Mit 35 Mädchen zwischen acht und vierzehn Jahren wurde das erste Girlscamp zum vollen Erfolg; lediglich die Alterspanne wurde im nachhinein als zu groß bewertet und die Obergrenze auf zwölf Jahre gesenkt.

Im Jahr der Fußballweltmeisterschaft, 2006, stellte auch das Girlscamp seine Internationalität unter Beweis und holte mit dem AZS Wroclaw einen polnischen Verein ins Boot. Die jungen Teilnehmerinnen aus sieben Nationen verbrachten zunächst eine Woche in Polen, anschließend eine Woche in Potsdam.

Der Ministerpräsident des Landes Brandenburg, Matthias Platzeck (SPD), unterstützte damals das Projekt. Prominente Fürsprecher gewann das Girlscamp auch in diesem Jahr. Als Schirmherrin stellte sich die Integrationsbeauftragte der Bundesregierung, Maria Böhmer (CDU), zur Verfügung: "Fußball ist ein Integrationsmotor, nicht nur für Jungen und Männer, sondern zunehmend auch für Mädchen und junge Frauen", argumentiert sie.

Aufgrund des hohen Organisationsaufwands wurde 2007 auf eine deutsch-polnische Kooperation verzichtet; stattdessen stieß der 1. FC Lok Leipzig als Partner hinzu. Darüber freute sich wiederum der Ausländerbeauftragte der Stadt, Stojan Gugutschkow.
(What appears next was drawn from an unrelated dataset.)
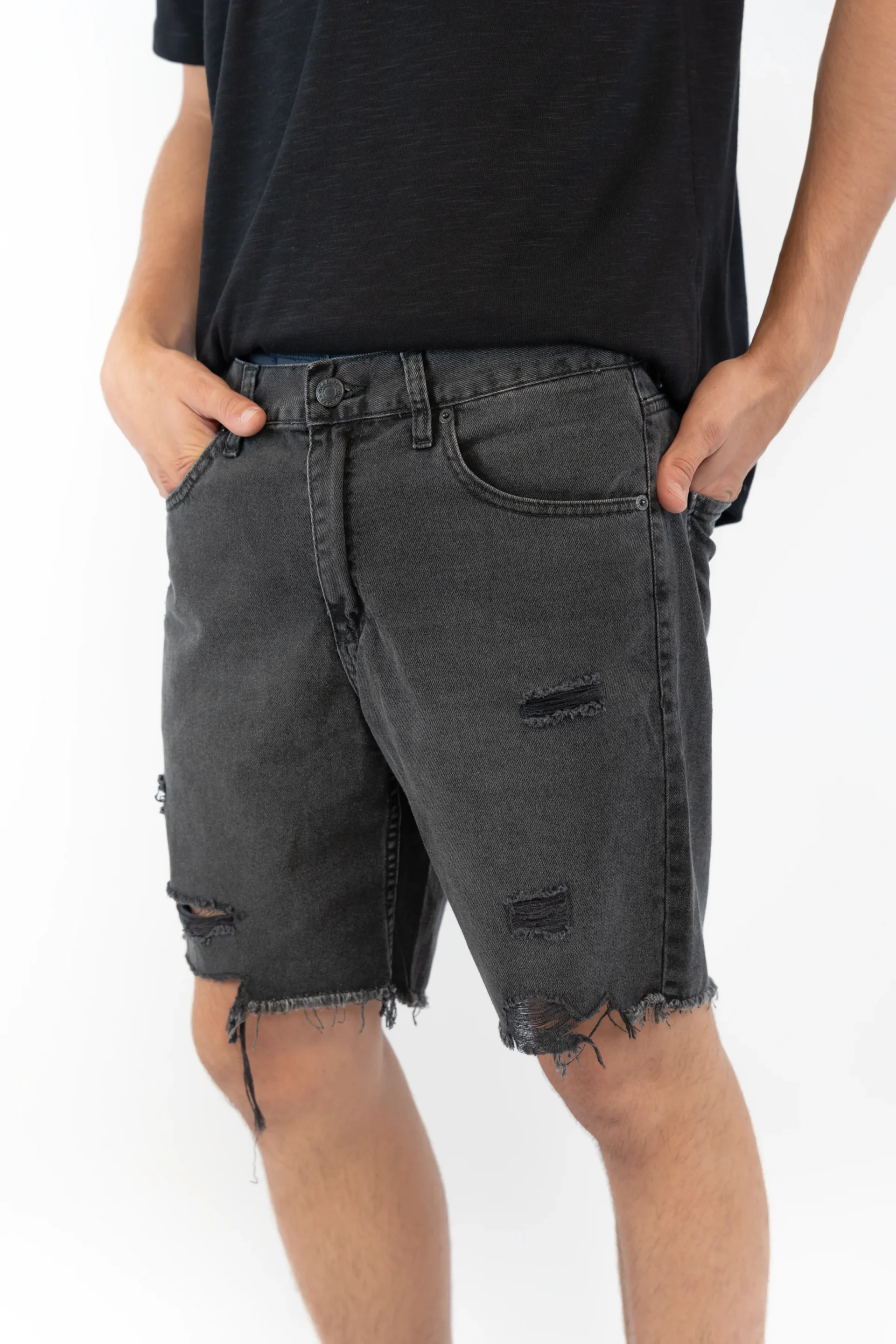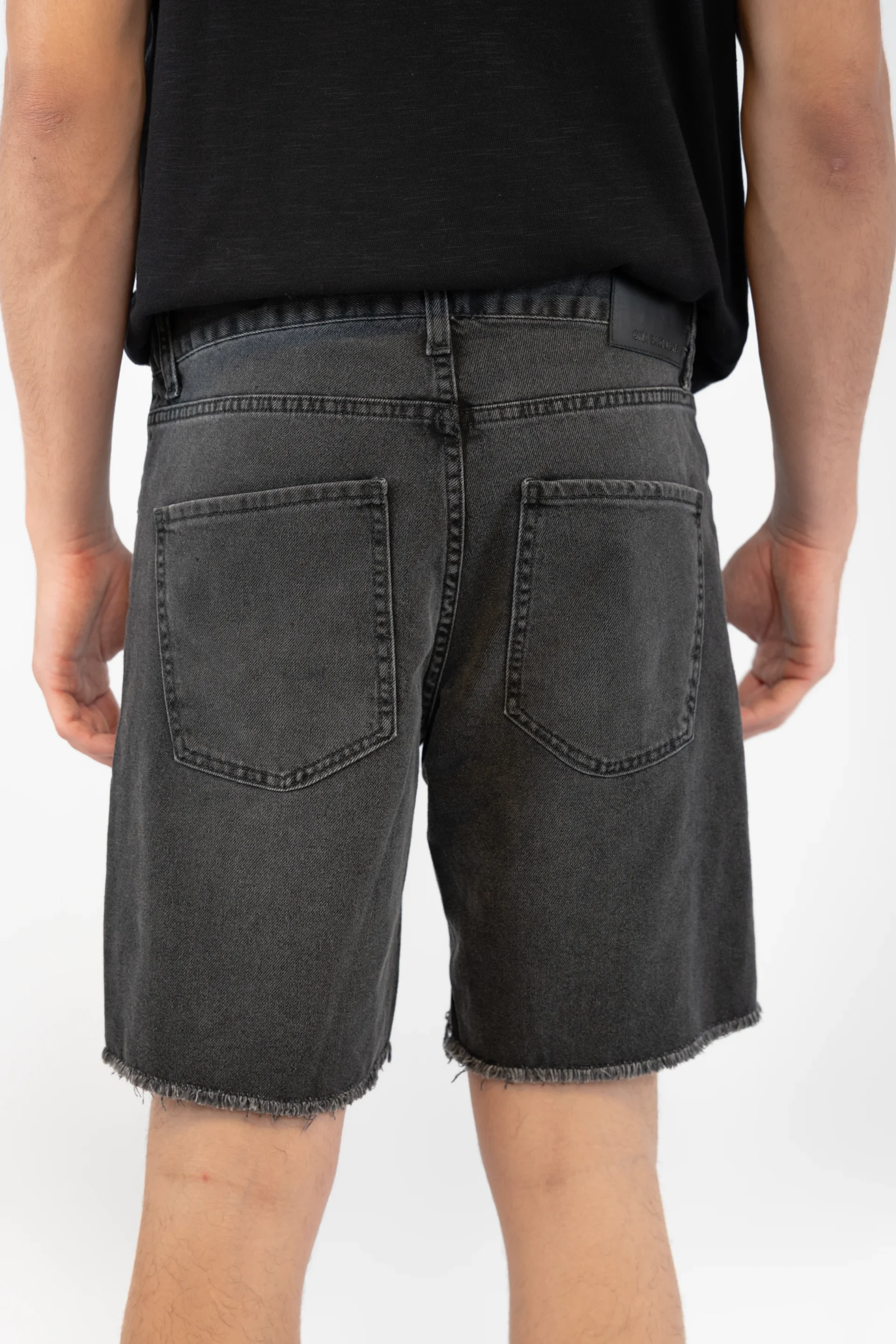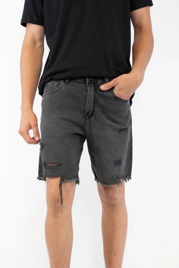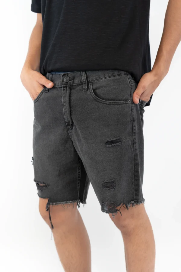 Bermuda de tiro medio y corte loose, fabricada en denim rígido 100% algodón. Presenta un lavado negro gastado con efectos localizados para un look desgastado. En la parte delantera, tiene roturas hiladas que aportan un estilo más urbano. El ruedo desflecado le da un acabado sin costuras, manteniendo el toque casual.

Er hofft, dass dieses Projekt gerade jungen Mädchen mit Migrationshintergrund neue Türen in die Gesellschaft öffnet.

Pelda und ihre Schwester Helin, die bereits 2007 mit von der Partie waren, profitierten enorm von den wenigen Tagen in der Gemeinschaft. "Die beiden sind regelrecht aufblüht", berichtet Anke-Maria Kops-Horn, Leiterin von Brückenschlag e. V. Der Verein kümmert sich um Flüchtlinge in Leipzig und bietet Hilfe an, ob bei Wohnungssuche, Behördengängen oder den Hausaufgaben. Kops-Horn kennt die beiden kurdischen Mädchen schon lange und weiß, dass diese im Alltag oft mit massiven Problemen zu kämpfen haben: Sie würden in der Schule gemobbt und zum Teil auch auf der Straße beschimpft. "Deswegen finde ich es so wichtig, dass sie im Camp einfach akzeptiert werden," sagt Kops-Horn.

Als Ausnahme von der Regel dürfen Pelda und Helin auch in diesem Jahr dabei sein. Und mit ihnen 18 weitere Mädchen. "Wir haben dieses Jahr bewusst weniger Teilnehmer, um noch besser auf jedes einzelne Mädchen eingehen zu können", sagt Fetscher. "Uns geht es darum, auf keinen Fall Schulcharakter aufkommen zu lassen." Ziel sei es, den Mädchen in kleinen Schritten zu helfen, damit diese sich besser in der Gemeinschaft zurechtfinden und anerkannt werden.

Bei Pelda und Helin scheint das zu gelingen. Nach dem Camp wollen sie sich in einem Verein anmelden - weil ihnen Fußballspielen einfach Spaß macht.